Legislative Update: New Proposal Would Boost Benefits and COLAs

Legislative Update: New Proposal Would Boost Benefits and COLAs

By Daisy Brown, Legislative Liaison

A new bill proposed this Spring by Pennsylvania Senator Bob Casey could bring meaningful, positive change for Social Security benefits and seniors. Called the Boosting Benefits and COLAs for Seniors Act, it would direct the Social Security Administration (SSA) to adjust benefits based on an inflation index tailored to the budgets of elderly Americans rather than the current index, which is based on the budgets of urban wage earners.

More specifically, the bill would tie COLAs to the Consumer Price Index for the Elderly (CPI-E) rather than the Consumer Price Index for Urban Wage Earners (CPI-W), a change that TSCL has long advocated. It would also require the Bureau of Labor Statistics to begin calculating and publishing the CPI-E every month. Even though it might seem small on the surface, this change would be huge for seniors over the long term.
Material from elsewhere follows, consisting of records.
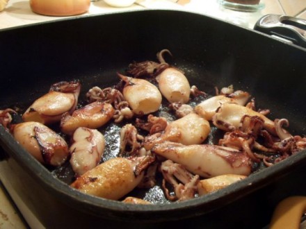 Danes polnjeni kalamari, polenta in radic. Kuha se bucna marmelada
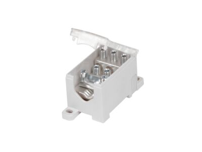 Blok pro rozdělení fází PVB 160-6, 1pólový, pro AL/CU vodiče, jmenovitý proud 160A, jmenovité napětí 690V, barva šedá, montáž na DIN lištu / PANEL, krytí IP20, vstup 1x95mm2, výstup 6x35mm2.
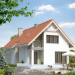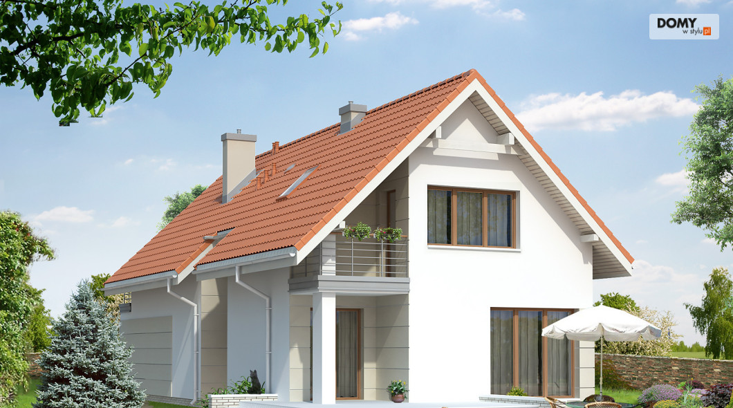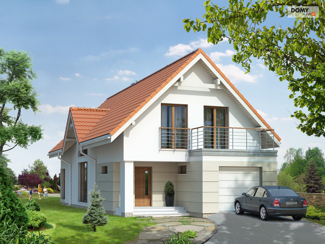Dom na wąską działkę, z garażem od frontu. Na parterze zaprojektowano część dzienną z salonem, kuchnią i jadalnią. Na poddaszu znajdują się trzy sypialnie, garderoba i łazienka z pralnią.
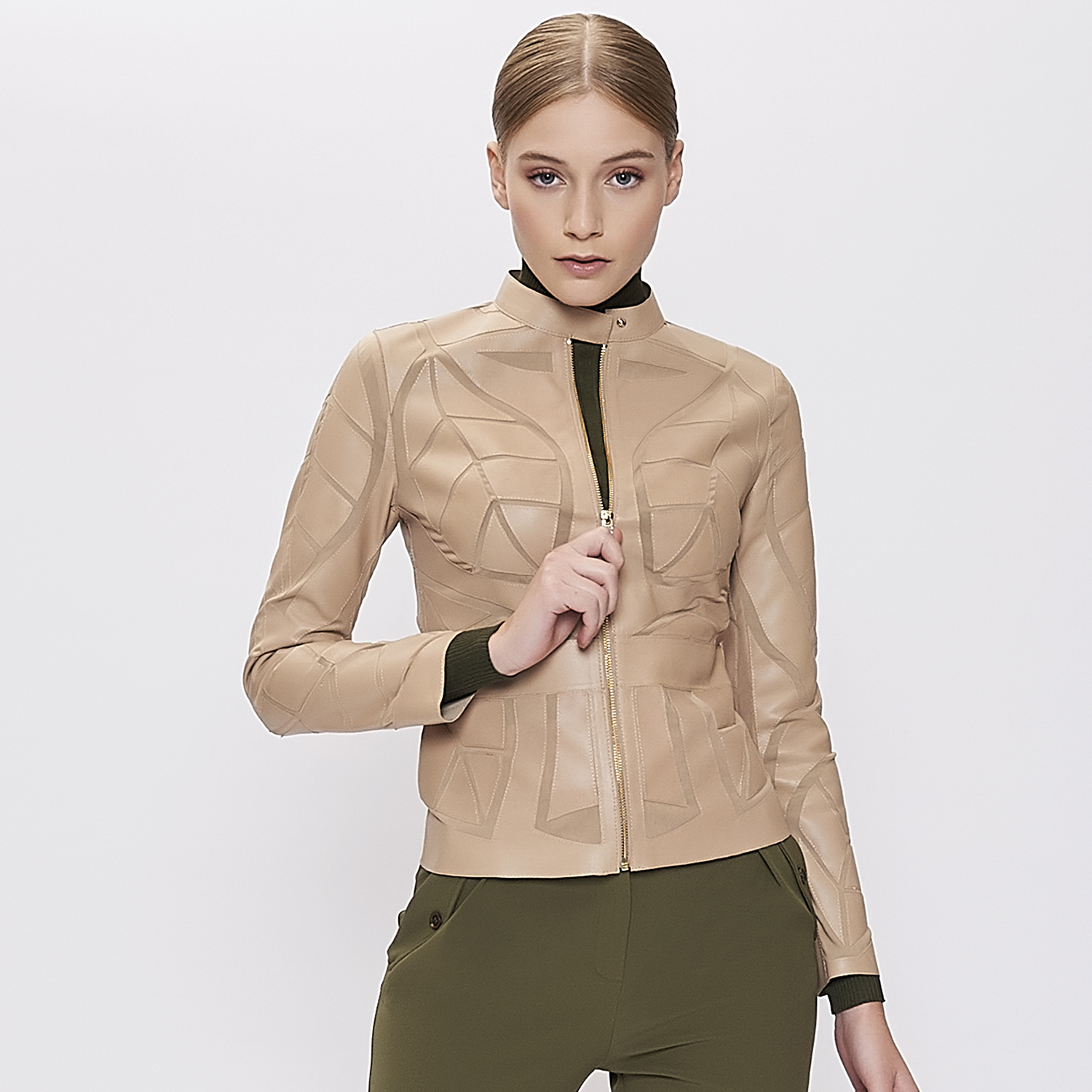 %100 Koyun derisinden üretilmiştir.-Kadın vücut anatomisini vurgulamak için; esneyen tül ile desteği ile bedene yerleştirilen yaprak desenindeki deriler sayesinde, hem rahat hem de fit bir görünüm kazandırılmış ve tül laminasyon çalışması yapılmıştır.
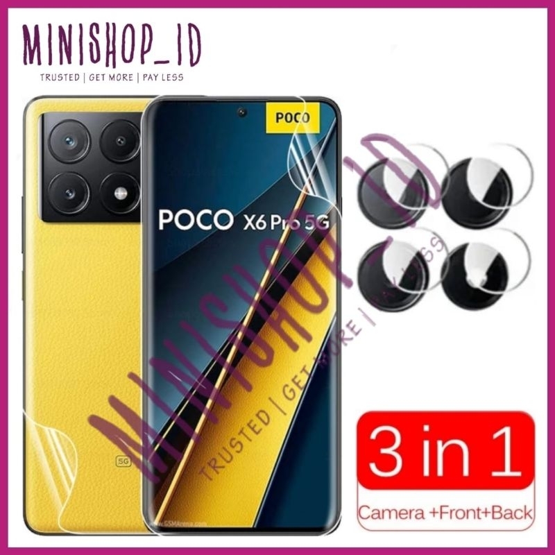 XIAOMI POCO X6 PRO 5G HYDROGEL FRONT BACK SCREEN CAMERA PROTECTOR ANTI GORES BENING CLEAR MATTE GLOSSY BLUE LIGHT SPY 3IN1 FULL COVER BODY 3 IN 1 X6PRO
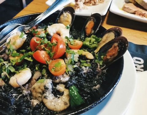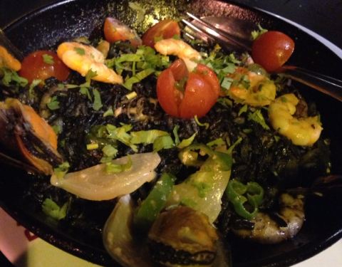 Amazing black rice! Great grilled sea bass. Fried baby squid is also top notch. An altogether excellent meal.

TSCL calculates that the CPI-E regularly puts spending inflation for seniors about 0.2 percentage points higher than the CPI-W. This adds up to about $45 more per year for 2024’s average Social Security check of $1,860, which isn’t much. But if you start projecting into the future, the power of compound interest kicks in. We estimate that a senior who filed for Social Security with average benefits over 30 years ago would have received an additional $14,000 in payments if COLAs had followed the CPI-E instead of the CPI-W. That’s the difference, for example, a senior might need  to replace an aging vehicle with a modest used car.

If you’re curious why using the CPI-E for COLAs would work so much better for seniors than the CPI-W, it helps to understand how the CPI works.

The CPI is a tool to track inflation that’s a weighted average of inflation across different spending categories, and different versions of the index use different weights. As you can see in Table 1, the CPI-E puts extra emphasis on things like housing and healthcare that are especially important for older Americans.

As it stands, though, it’s hard to find CPI-E data. BLS doesn’t publish it as regularly as the CPI-W, which is where the second part of the Boosting Benefits and COLAs for Seniors Act would come in. The bill would require BLS to publish the CPI-E every month, which would make it far easier to understand how seniors’ costs are changing over time.